- **Data to use**:
________________________
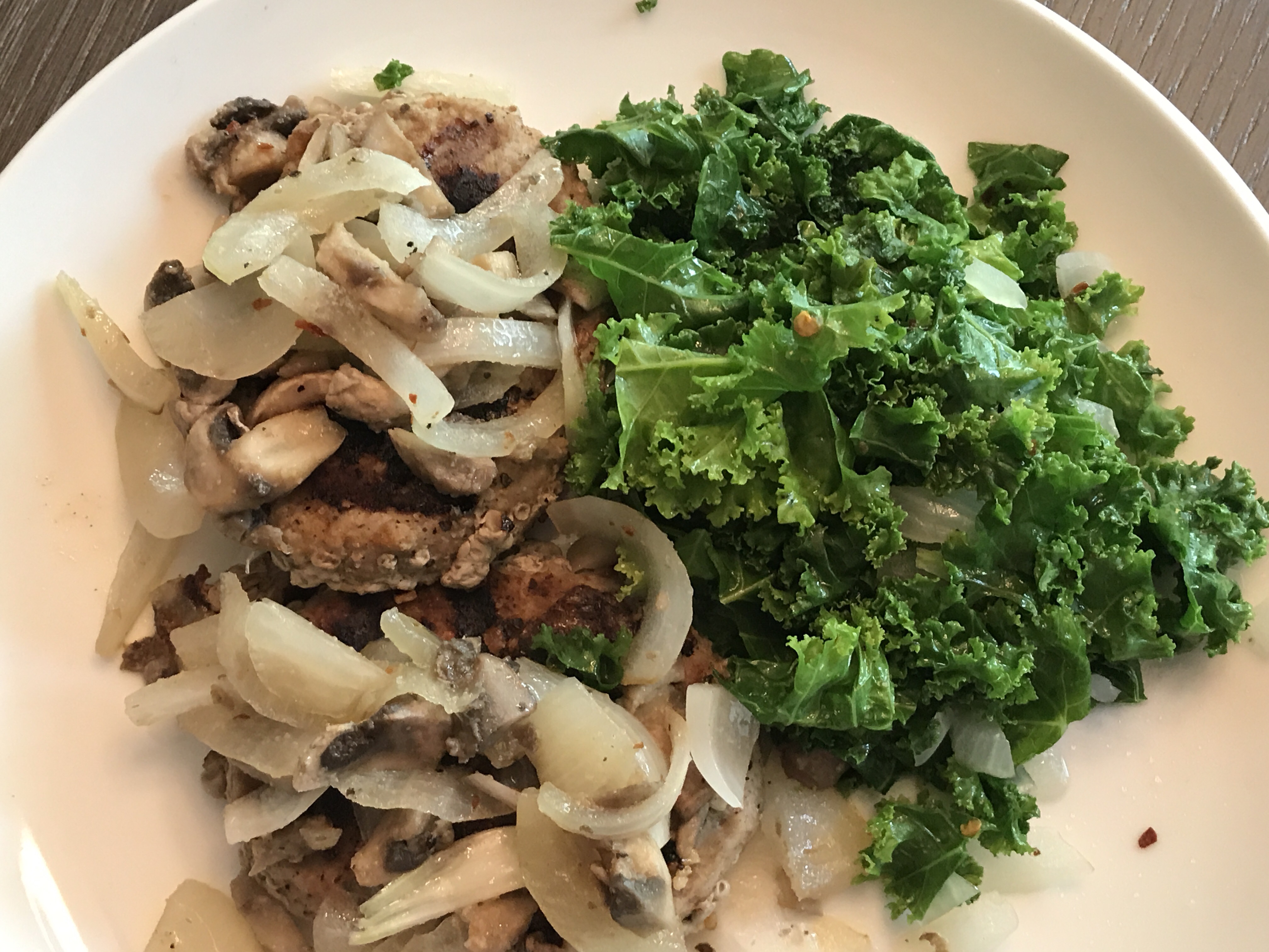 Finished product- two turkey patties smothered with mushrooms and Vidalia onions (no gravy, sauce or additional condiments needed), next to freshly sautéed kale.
________________________
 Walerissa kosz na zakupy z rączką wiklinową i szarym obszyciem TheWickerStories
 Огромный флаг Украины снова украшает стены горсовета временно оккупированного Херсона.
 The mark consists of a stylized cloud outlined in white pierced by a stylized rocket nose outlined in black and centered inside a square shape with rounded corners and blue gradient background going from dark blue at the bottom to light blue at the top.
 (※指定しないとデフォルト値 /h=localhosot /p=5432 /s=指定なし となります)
________________________
- **What to do**: Reproduce exactly the entries above, limited to the lines from the one with "Walerissa kosz na" through the one with "Огромный флаг Украины", both included.

- **Solution**:
 Walerissa kosz na zakupy z rączką wiklinową i szarym obszyciem TheWickerStories
 Огромный флаг Украины снова украшает стены горсовета временно оккупированного Херсона.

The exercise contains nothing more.